Placement of Dermal Fillers and injection technique

Placement of dermal filler to maximise the effect on lines is relatively simple – deep lines caused by volume loss are corrected best with deeper injections in the lower dermis. Fine creases are corrected best with a shallower injection in the mid dermis.

Injections in fat may not have as much impact, and injections in the papillary dermis (very superficial) will discolour the skin.

The Steps to a perfect dermal injection

  • Hold the needle correctly, wrist above, thumb on the plunger. This position enables greatest flexibility and means you don’t have to change the position while the needle is in the patient’s face.
  • Take aim by lining up the end of the needle with the point on the skin where you want the needle to terminate. Choose your position of entry so the needle tip will reach this point.
  • Use the correct angle of entry- 45 degrees for deeper lines and volume loss, 30 degrees for Superficial creases.
  • Insert the needle at the chosen angle until around 1/3 of the need has penetrated. Then STOP. Your needle tip should now be at the correct depth.
  • Slowly change the angle until your needle is parallel with the surface of the skin. Now when you Advance your depth will be maintained at the correct level.
  • Advanced the needle to the desired position, then stop.
  • Do a depth check. Once you are at the correct depth, check for a flashback by pulling back on the

Syringe. If there is any blood, do not inject and repeat the process.

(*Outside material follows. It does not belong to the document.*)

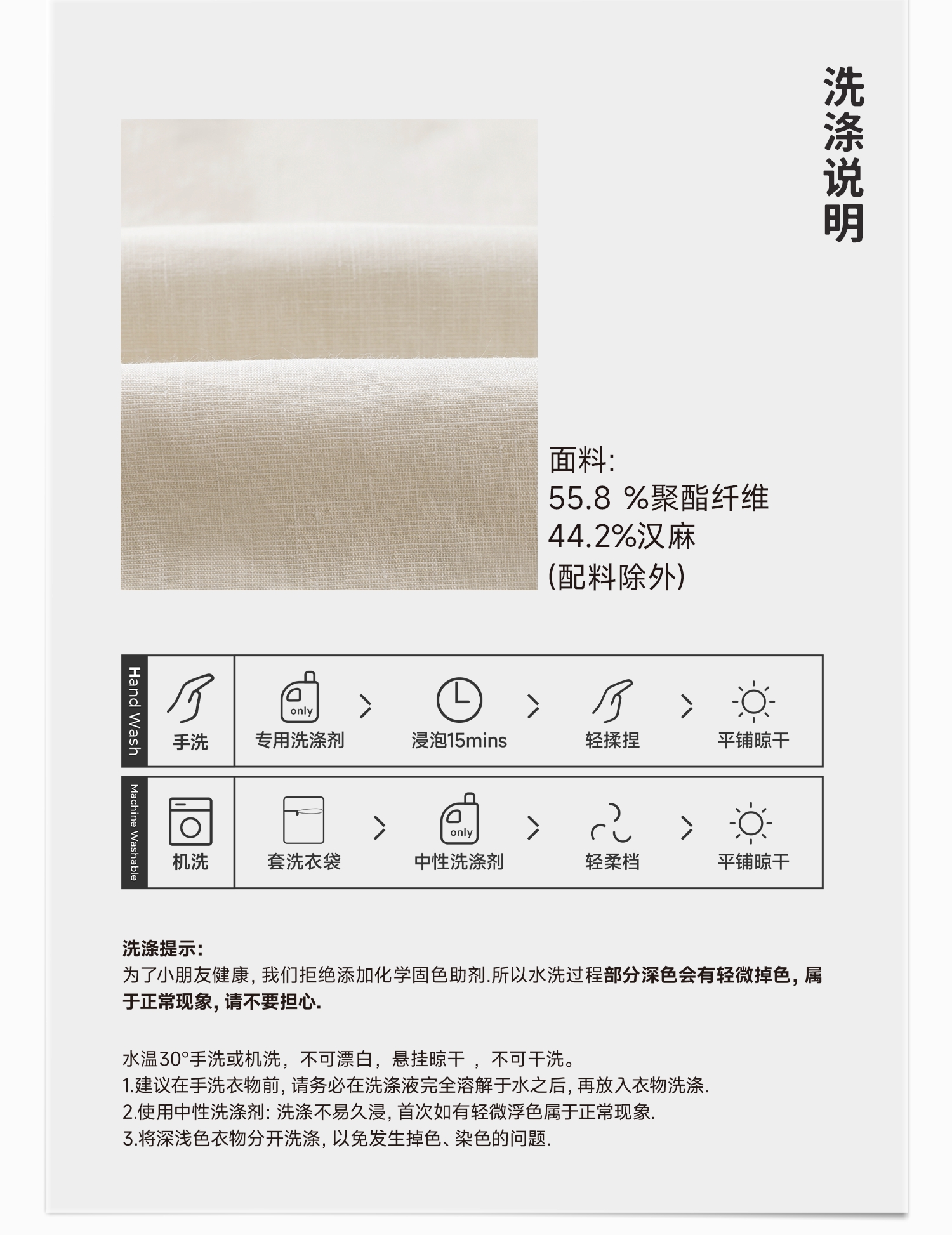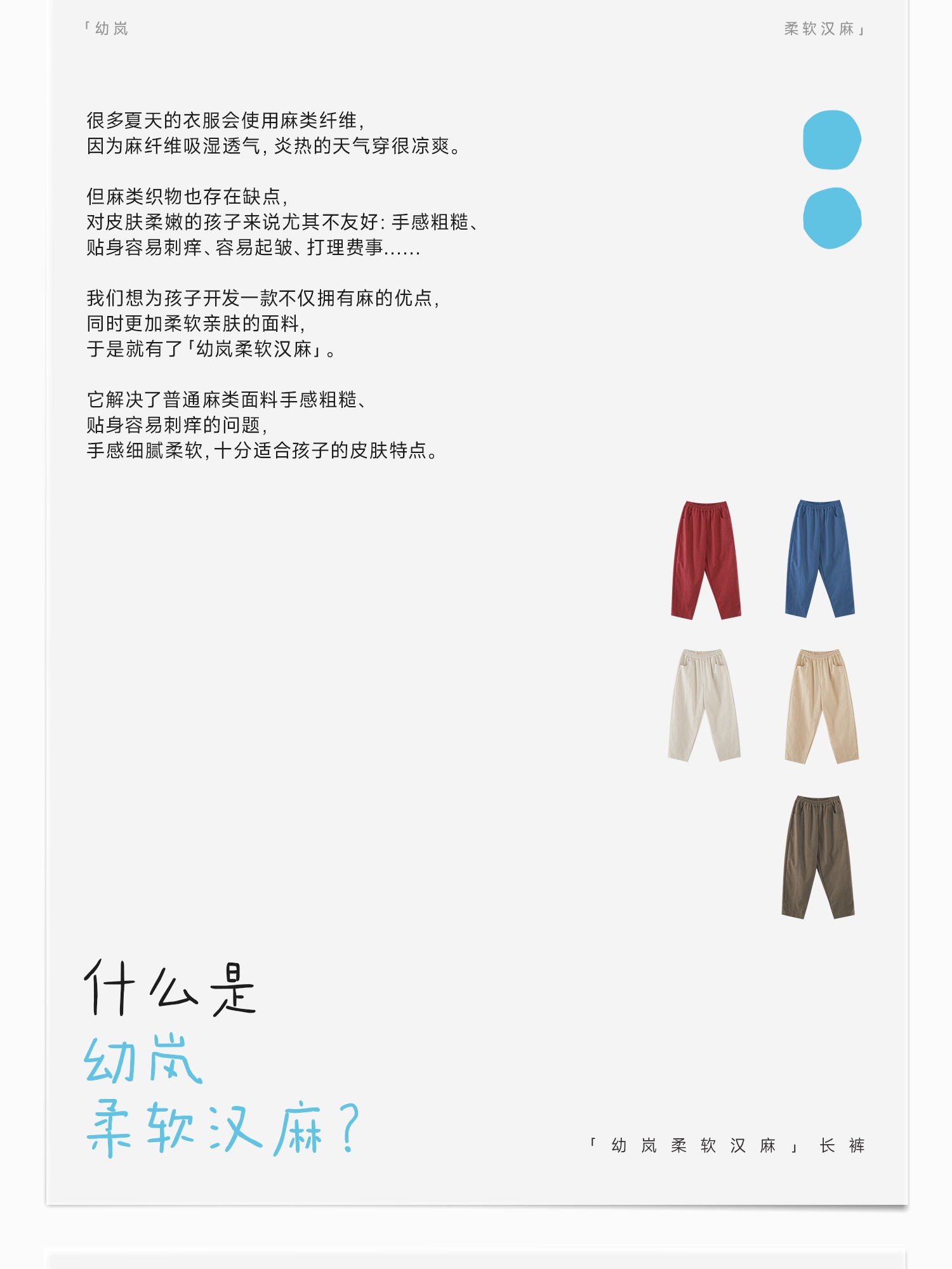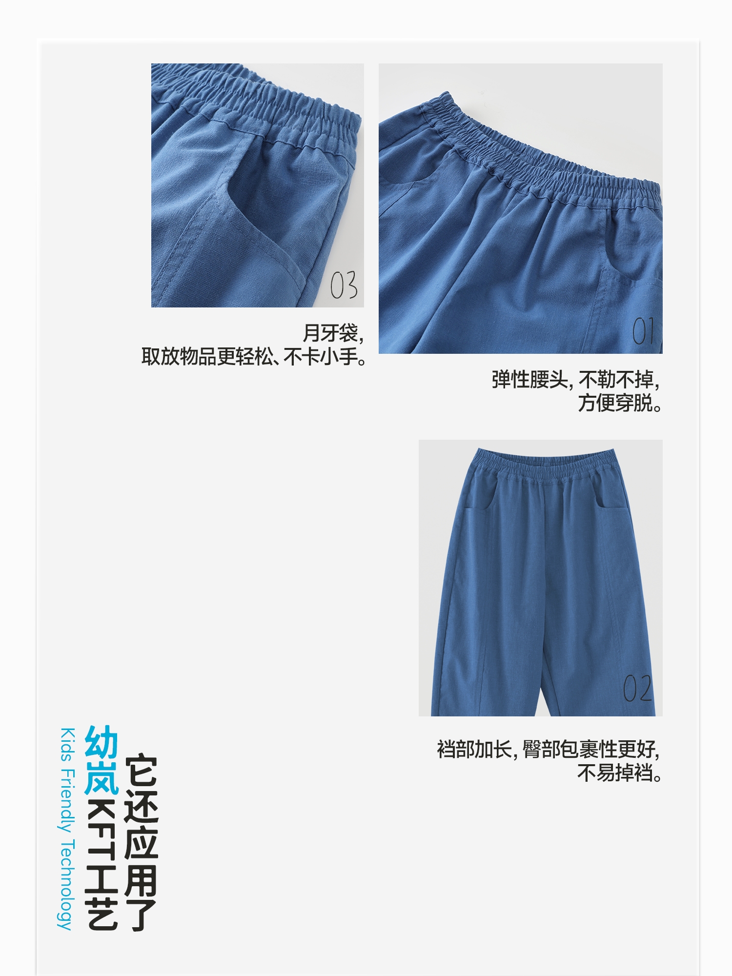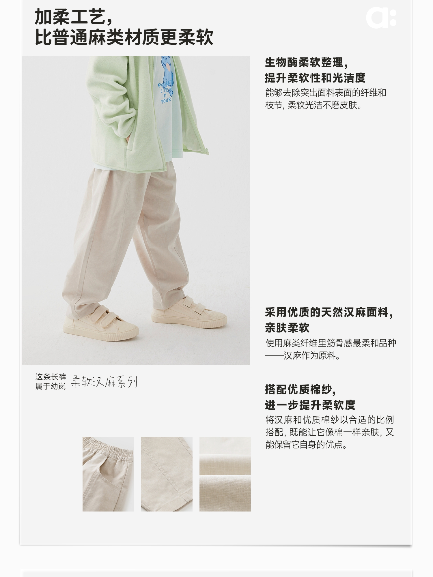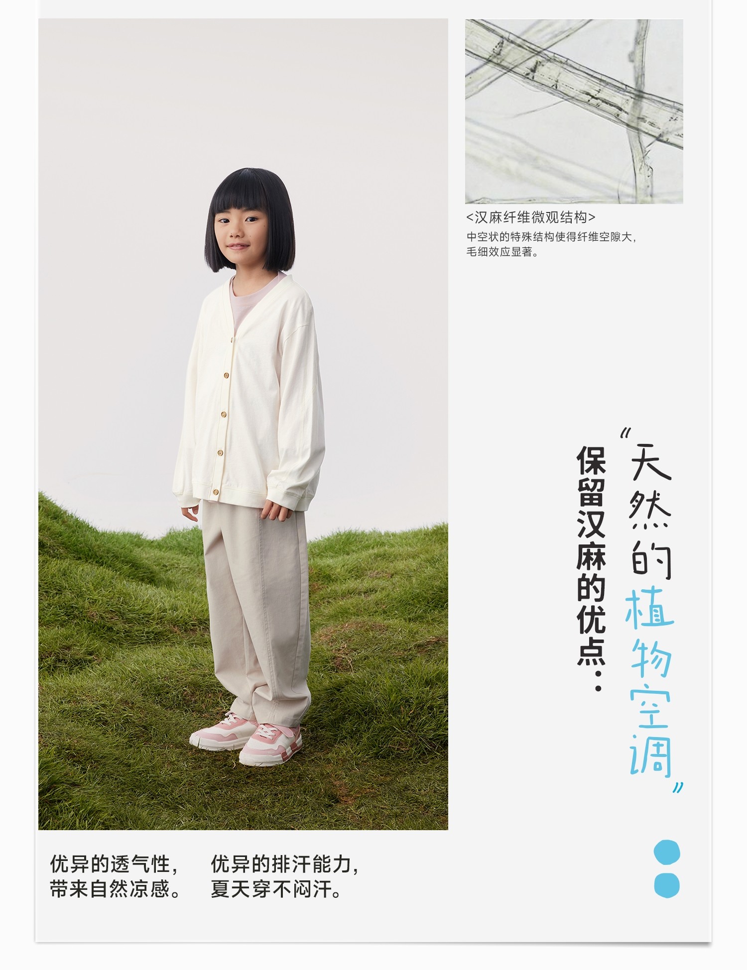 【好友特惠】幼岚「柔软汉麻」梭织长裤凉感透气24春季新款儿童休闲裤长裤ZY

  • If no flashback, proceed to inject as per area-specific guides (see later in booklet).
  • Withdraw and massage to be smooth, check capillary refill present.

How to do a depth check:

Too shallow: If the skin is blanched without lifting, DO NOT INJECT- you are too superficial, and filler will be visible.

Fine lines: If you lift the needle and can clearly see the shape of the needle as a defined line (which may blanch- but only on

Lifting) you are in the right depth for a low viscosity filler to treat a fine line.

Deep lines: If you lift and see a rough shape of the needle but it very defined you are about right for a deeper line or

Volume replacement.

Too deep: If all you see is the skin lifting generally, you are likely deep in subcutaneous fat which is not optimal.

Injection Techniques

When is it useful and Technique

1.   Serial Puncture

Fine lines or superficial creases on top of deep lines. 30 degree entry, superficial (just deeper than the bevel) 0.025 to 0.05ml dose.

2.   Retrograde Linear Threading

Can be used for medium lines and volume loss.

Deeper lines require a 45 degree angle of entry to ~1/3 of the needle, then stop and change angle to 0 degrees and advance to desired depth. Can be placed at 90 degrees or parallel and directly under the line.

3.   Anterograde

Advanced technique useful if you wish to keep needle tips away from important structures. Limited control of flow of filler. 

Insert needle at 45 degrees, when needle point is in desired location check flash back and then inject slowly, closely monitoring direction of filler flow.

4.   Fanning

Reduces pain, as only one initial hole is made in the skin. Useful for the top of the NLF and the marionette line- for volume replacement which is in a more even plane. Inject at 45 degrees, until 1/3 of the needle is in the skin, then change to being parallel (0 degrees) with the skin and advance, flashback and then retrograde linear thread in each direction you want to fill.

5.   Cross-hatching (grid pattern)

For stubborn widely spread fine lines. For lines under continuous pressure from tissues resting from above (like deeper nasolabial folds)This technique is superficial, 30 degree angle of entry usually starting with an injection directly under the line that makes little improvement. Further injections are placed at 90 degrees to the line, in rows.     

Bruising is more likely as so many injections are required.

Before every procedure we do on every client we always complete the disclaimer information and consent forms. We also will make a plan on our facial planner which will be kept with the patient’s records. This was taught to you as a beginner starting your career and should be instilled in you now as a n aesthetic practitioner.